His Stress research includes elements of Delamination and Fracture mechanics.
His most cited work include:
- Photocurrent-determining processes in quasi-solid-state dye-sensitized solar cells using ionic gel electrolytes (402 citations)
- Role of Electrolytes on Charge Recombination in Dye-Sensitized TiO2 Solar Cell (1): The Case of Solar Cells Using the I-/I3- Redox Couple (261 citations)
- Application of poly(3,4-ethylenedioxythiophene) to counter electrode in dye-sensitized solar cells (182 citations)
What are the main themes of his work throughout his whole career to date?
Takayuki Kitamura mainly focuses on Composite material, Condensed matter physics, Fracture mechanics, Ferroelectricity and Structural engineering.
His Composite material research incorporates elements of Thin film and Edge.
His work investigates the relationship between Thin film and topics such as Substrate that intersect with problems in Silicon.
His Condensed matter physics research incorporates themes from Ab initio, Ab initio quantum chemistry methods and Multiferroics.
His Fracture mechanics research incorporates elements of Fracture toughness, Metallurgy, Stress field and Fracture.

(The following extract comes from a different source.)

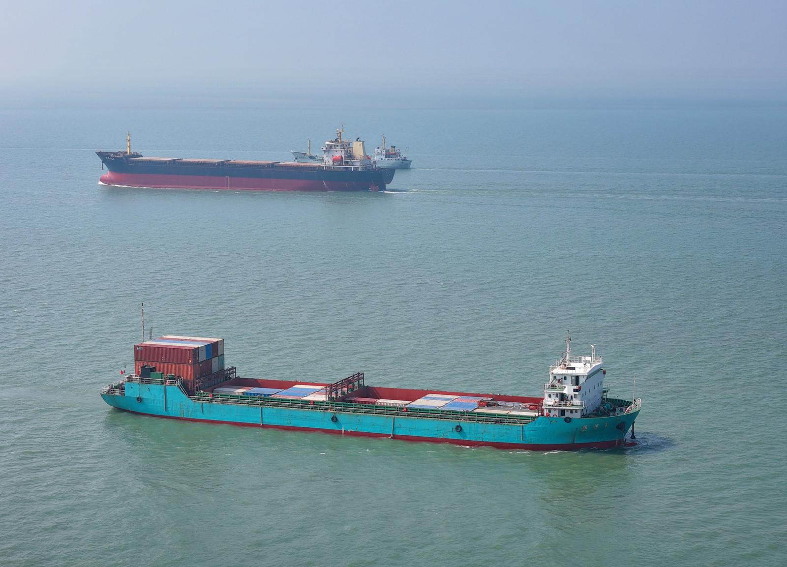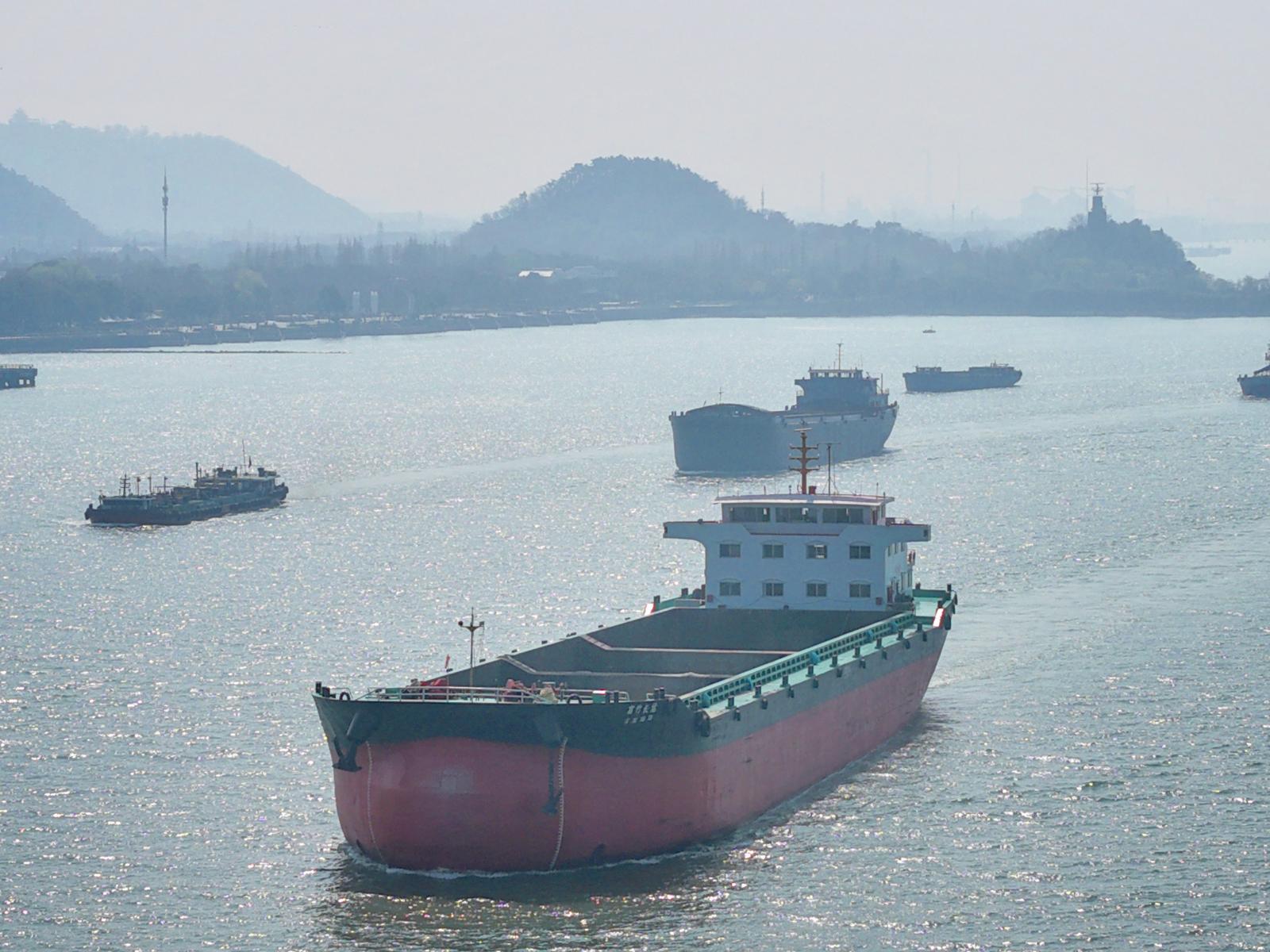 2026年3月29日在长江南通段江面上拍摄的众多船舶。长江上往来货船有序航行,一片繁忙的景象。 据悉,“十四五”期间,长江干线航道条件持续改善,亿吨大港从12个增加至18个,万吨级生产性泊位由360个增至487个。

His Ferroelectricity research is multidisciplinary, incorporating perspectives in Polarization, Nanotechnology, Electric field and Density functional theory.
He most often published in these fields:
- Composite material (41.26%)
- Condensed matter physics (22.38%)
- Fracture mechanics (16.36%)
What were the highlights of his more recent work (between 2015-2021)?
- Condensed matter physics (22.38%)
- Composite material (41.26%)
- Ferroelectricity (13.43%)
In recent papers he was focusing on the following fields of study:
Takayuki Kitamura mostly deals with Condensed matter physics, Composite material, Ferroelectricity, Fracture mechanics and Nanoscopic scale.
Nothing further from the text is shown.